Moreover, having the second hardware thread turned on in Linux but not used by 
batch jobs (by cgroup-ing them to just one hardware thread of each core) 
substantially reduced the performance impact and jitter from the OS — by ~10% 
in at least one synchronisation-heavy application. This is likely because the 
kernel began scheduling OS tasks (Lustre, IB, IPoIB, IRQs, Ganglia, PBS, …) on 
the second, unused hardware thread of each core, which were then run when the 
batch job’s processes stalled the CPU’s execution units. This is with both a 
CentOS 6.x kernel and a custom (tickless) 7.2 kernel.

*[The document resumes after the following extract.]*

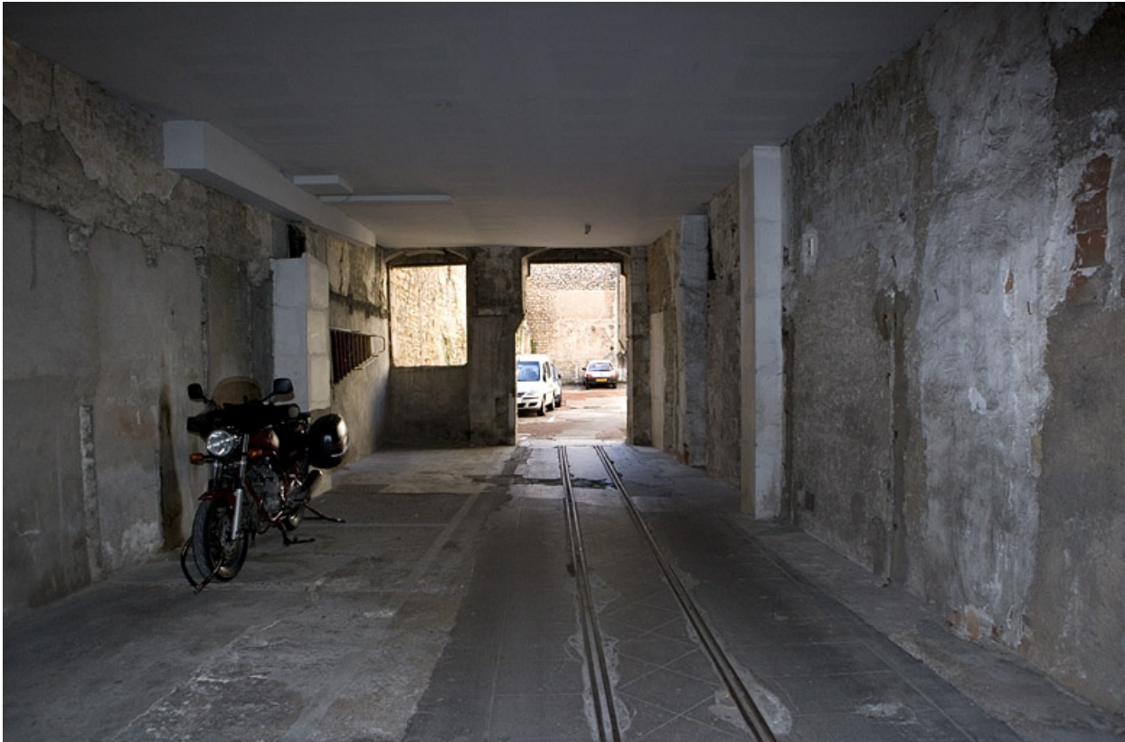
Vue de l'intérieur du rez-de-chaussée du logis secondaire : ancien atelier de l'entreprise Zani.

25, Besançon Grande Rue 110, lieudit : îlot Granvelle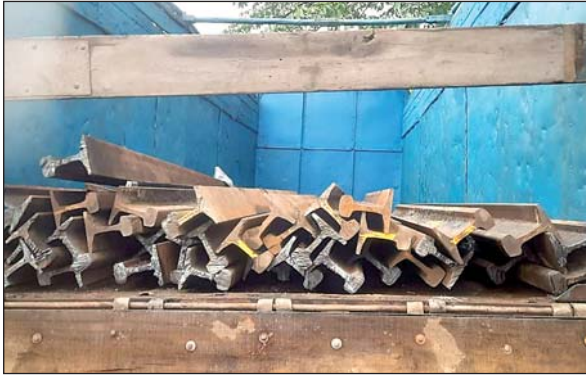
गिरफ्तारी के बाद ही यह तय हो पायेगा की रेलवे का कटिंग पट्टरी कहां से चुराया गया है। चुराया गया रेलवे का कटिंग पट्टरी इसी वर्ष का

कोडरमा। तिलैया थाना क्षेत्र के गझांडी रोड स्थित प्रतीक स्टील प्लांट के मुख्य द्वार से रेलवे का लोहा (पट्टरी) से भरा ट्रक को आरपीएफ ने बरामद किया है। जबकि ट्रक चालक और खलासी चाबी लगा छोड़कर फरार हो गया। ट्रक में लगभग 35 पीस रेलवे का कटिंग पट्टरी लोड था। फिलहाल टाउन पुलिस व आरपीएफ के बीच क्षेत्राधिकार को लेकर अपने-अपने दावे करने में लगी है। मामला जो भी हो अब तो आरोपियों की

Given these results, we now leave HT on in both the BIOS and OS, and cgroup 
batch jobs to either one or all hardware threads of the allocated cores based 
on a PBS resource request. Most jobs don’t request or benefit from the extra 
hardware threads, but some (e.g. very I/O-heavy) do.

>> My personal experience is, that it depends not only application, but also on 
>> the way how you oversubscribe.
> 
> +1


+2

As always, experiment to find the best for your hardware and jobs.